Black Friday occurs globally on Friday 23 November and is widely considered the busiest shopping day of the year. As retailers beef up on security to control massive in-store crowds, online retailers are enhancing their systems to prevent infamous website crashes.

Each year, millions of people are left frustrated when their favourite e-commerce websites let them down. Yet according to BBD CIO Tony van der Linden, there is no way for retailers to completely prevent system failures. “While most retailers get it right most of the time and can handle client requests in a performant manner under normal trading conditions; Black Friday is in no way normal trading conditions, as the sheer number of users stresses not just the infrastructure, but the website that delivers the service. At this point, the conversation moves away from performance to one of scalability.”

Scalability can be achieved either vertically or horizontally. Vertical scalability refers to adding more resources to a physical unit, such as more memory to a computer to create capacity. Horizontal scalability refers to adding more resources to logical units, such as an additional server to a cluster of servers to share the required tasks between them. The problem that arises scaling like this is how to effectively utilise the additional resources. Conversely, performance bottlenecks will have a significant and unpredictable impact on scalability – at worst resulting in one non-performant system instance affecting all other instances.
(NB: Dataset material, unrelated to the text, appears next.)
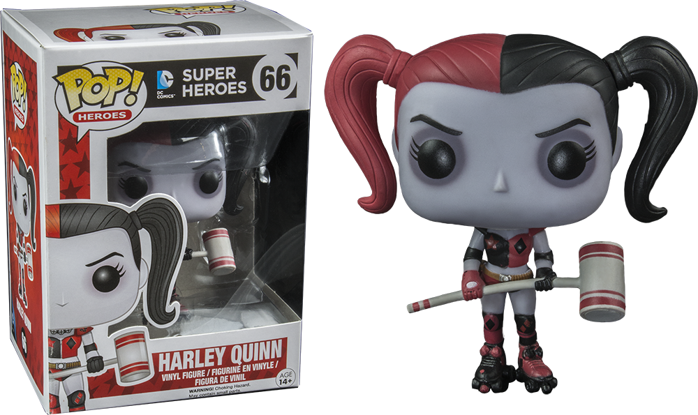 Din universul super-eroilor DC Comics, figurină Funko Pop! Vinyl Harley Quinn, în varianta costumaţiei Roller Derby.
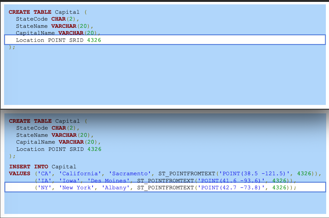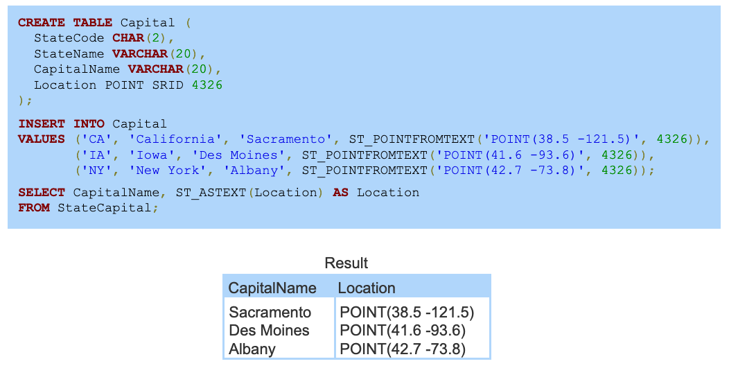 The Capital table contains state capitals. Location values are latitude and longitude in spatial reference system 4326.

Using layman’s terms, performance versus scalability can be translated into a simple analogy. Performance as a metric would be if you were the only car on a single-lane highway and you could drive at top speed at any given time. But in order to add more cars to the equation, the infrastructure would have to be improved by widening the highway and adding more lanes for multiple cars to also perform at the same pace. This is scalability.

There are multiple factors contributing to successful scalability, including service providers being able to handle the load, hardware you use to run the application and the way the actual application is written. “Every point is a potential point of failure,” van der Linden adds. “By trying to prevent these failures, retailers are actively implementing microservices architecture. And while this can improve scalability, it does not limit system failures.”

It’s important to remember that every system has a breaking point. Online retailers need to decide if their breaking point is acceptable for them or not. “How retailers handle failure and recover from the breakage is more important than attempting to prevent failure entirely. You can test as many times as you want, but you won’t really know until you’re out in the wild what’s going to happen.”

While retailers can’t prevent a Black Friday blackout, they can reduce the damage it causes. According to van der Linden, system crashes aren’t only a tech problem but a business problem as well. “Chinese multi-national conglomerate, Alibaba, is an excellent example of the ability to deliver service while still handling massive loads. With over 500 million users a month, Alibaba has the correct tech and business processes in place to deal with high traffic surges. But even such a gigantic retailer is not immune to failure.”

Unfortunately there is no quick fix for the Black Friday masses. “There’s no silver bullet,” van der Linden adds. “System outages are frustrating for both retailers and users, but the best way to handle recovery is to record as much as possible the first time a system fails and improve systematically.”